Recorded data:
--------------------
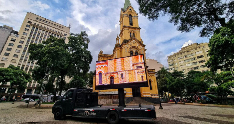 Durante quatro dias, um ledtruck – veículo equipado com uma estrutura de painéis de led – percorre diferentes regiões da cidade exibindo imagens, textos e animações, compartilhando reflexões com o público diretamente nos locais de referências históricas.
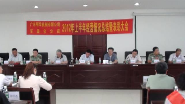 9月12日上午,军品分公司顺利召开了上半年生产经营情况总结及表彰先进大会。会议由宏大公司执行总经理方健宁同志主持,省经信委军工处处长罗化林、广州军代室总代表傅振宇、广业公司党委副书记、纪委书记洪旗歌、宏大公司董事长、总经理郑炳旭、副总经理、明华公司总经理郑永伟等领导出席了本次大会。
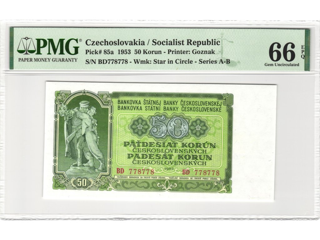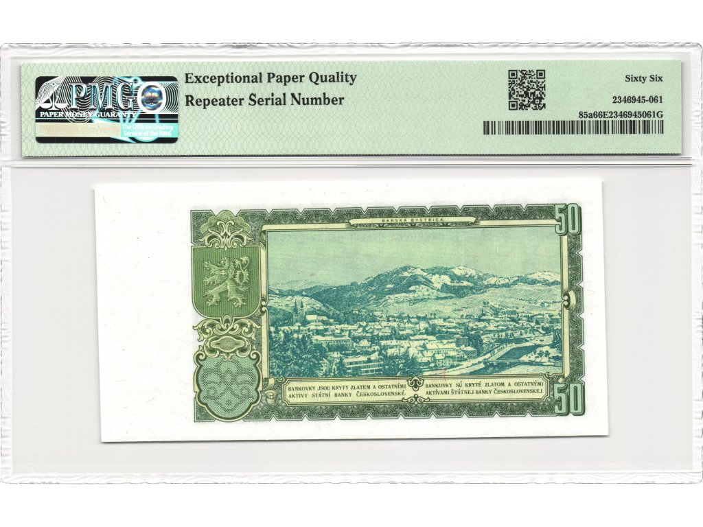Československá bankovka 50 Korun z roku 1953 v excelentní kvalitě PMG 66 EPQ. Výrazné barvy, motiv družby a panorama Banské Bystrice. Atraktivní kus pro sběratele socialistické éry.
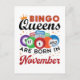 El diseño de cumpleaños de bingo es un regalo perfecto para mujeres con cumpleaños en noviembre que aman jugar bingo. El diseño dice: "Las reinas del bingo nacen en noviembre"
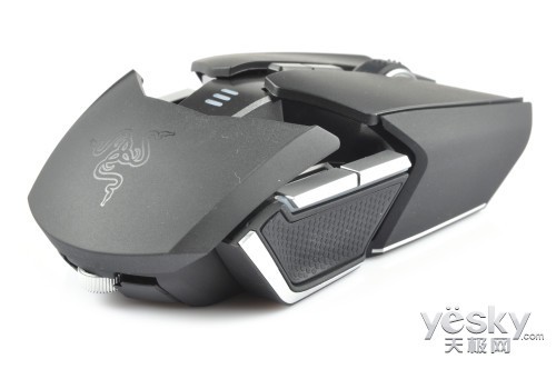 在可更换的侧面板上方,左右各有2颗侧键,同时侧面板也可以按下成为第三个侧键。而Razer考虑到了部分用户并不需要那么多侧键,而且在游戏中会引起误操作,在鼠标底部有2个独立的开关,可以单独锁定左、右面板按下的功能。
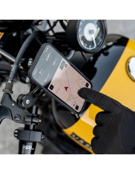 Esto no solo protege su teléfono inteligente, sino que se mantiene estable y montado de forma segura para que pueda navegar fácilmente mientras conduce. Un accesorio ideal para aquellos motoristas que utilizan su moto fuera del asfalto.
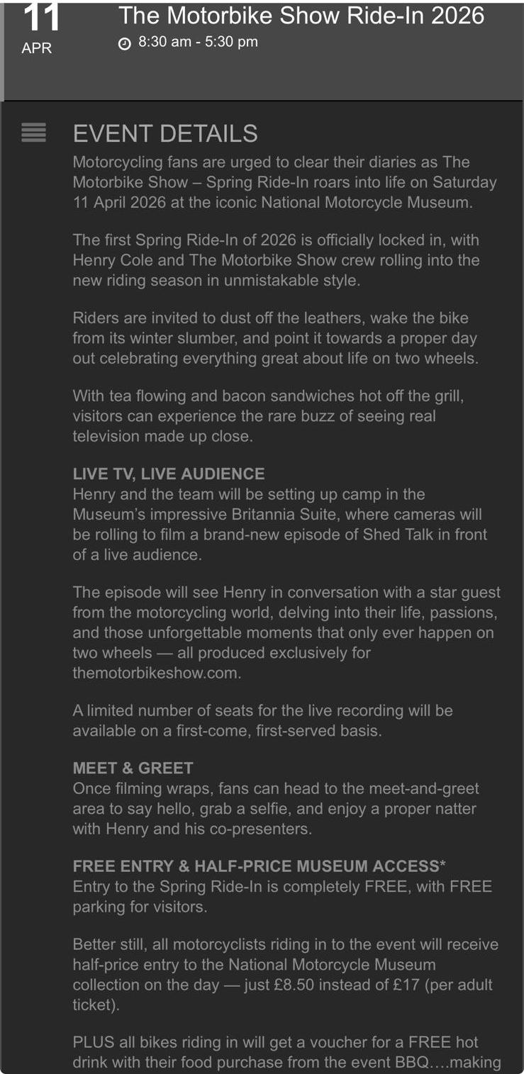 Motorbike Ride-in 2026 - Meet at Newark Esso Garage | NG24 2DF | 9.30 for 10.00 start |
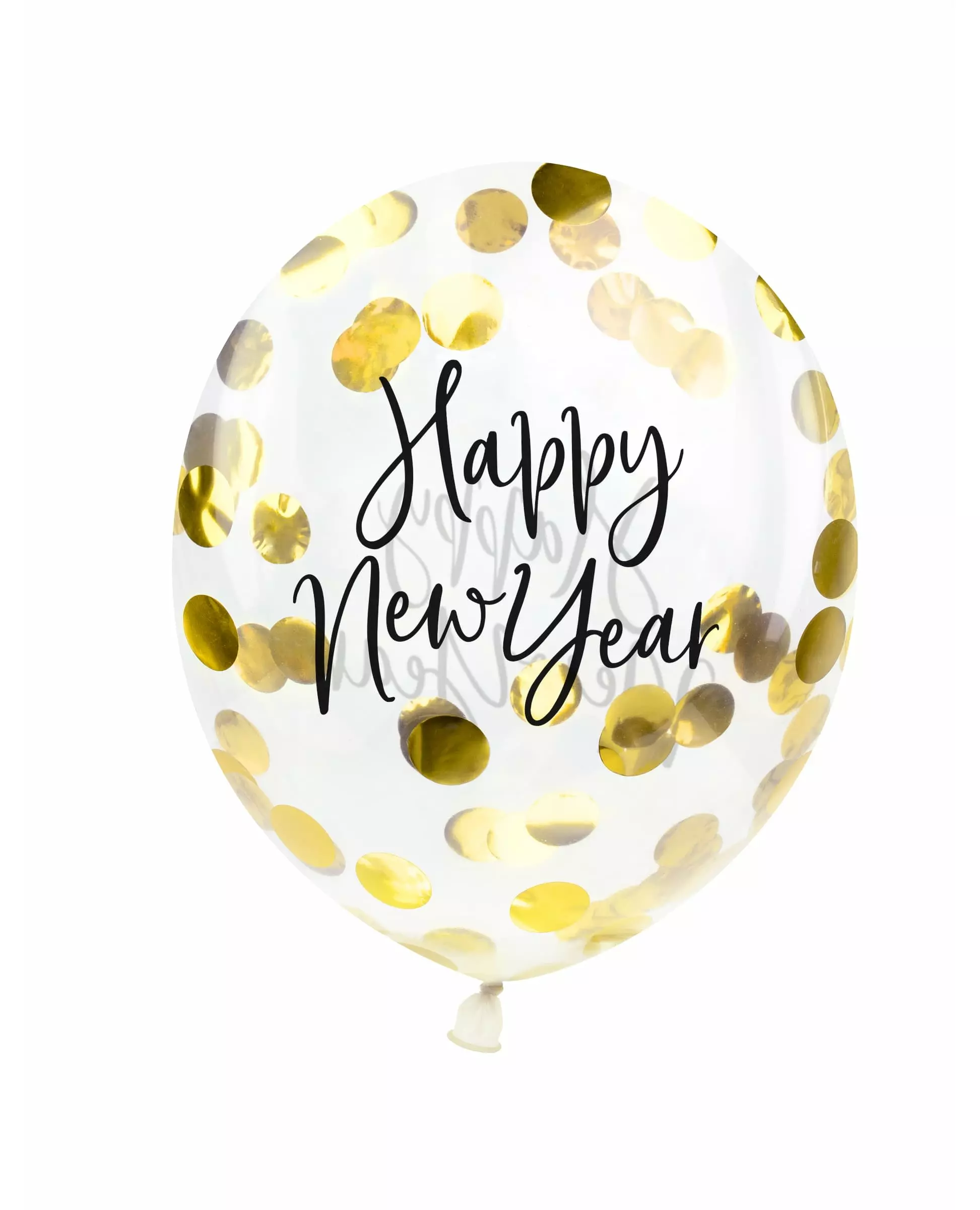 3 gullfargede konfetti-latexballonger med godt nyttårsmotiv, 27 cm
--------------------
Leave every picture out and output the records exactly.

 Durante quatro dias, um ledtruck – veículo equipado com uma estrutura de painéis de led – percorre diferentes regiões da cidade exibindo imagens, textos e animações, compartilhando reflexões com o público diretamente nos locais de referências históricas.
 9月12日上午,军品分公司顺利召开了上半年生产经营情况总结及表彰先进大会。会议由宏大公司执行总经理方健宁同志主持,省经信委军工处处长罗化林、广州军代室总代表傅振宇、广业公司党委副书记、纪委书记洪旗歌、宏大公司董事长、总经理郑炳旭、副总经理、明华公司总经理郑永伟等领导出席了本次大会。
Československá bankovka 50 Korun z roku 1953 v excelentní kvalitě PMG 66 EPQ. Výrazné barvy, motiv družby a panorama Banské Bystrice. Atraktivní kus pro sběratele socialistické éry.
 El diseño de cumpleaños de bingo es un regalo perfecto para mujeres con cumpleaños en noviembre que aman jugar bingo. El diseño dice: "Las reinas del bingo nacen en noviembre"
 在可更换的侧面板上方,左右各有2颗侧键,同时侧面板也可以按下成为第三个侧键。而Razer考虑到了部分用户并不需要那么多侧键,而且在游戏中会引起误操作,在鼠标底部有2个独立的开关,可以单独锁定左、右面板按下的功能。
 Esto no solo protege su teléfono inteligente, sino que se mantiene estable y montado de forma segura para que pueda navegar fácilmente mientras conduce. Un accesorio ideal para aquellos motoristas que utilizan su moto fuera del asfalto.
 Motorbike Ride-in 2026 - Meet at Newark Esso Garage | NG24 2DF | 9.30 for 10.00 start |
 3 gullfargede konfetti-latexballonger med godt nyttårsmotiv, 27 cm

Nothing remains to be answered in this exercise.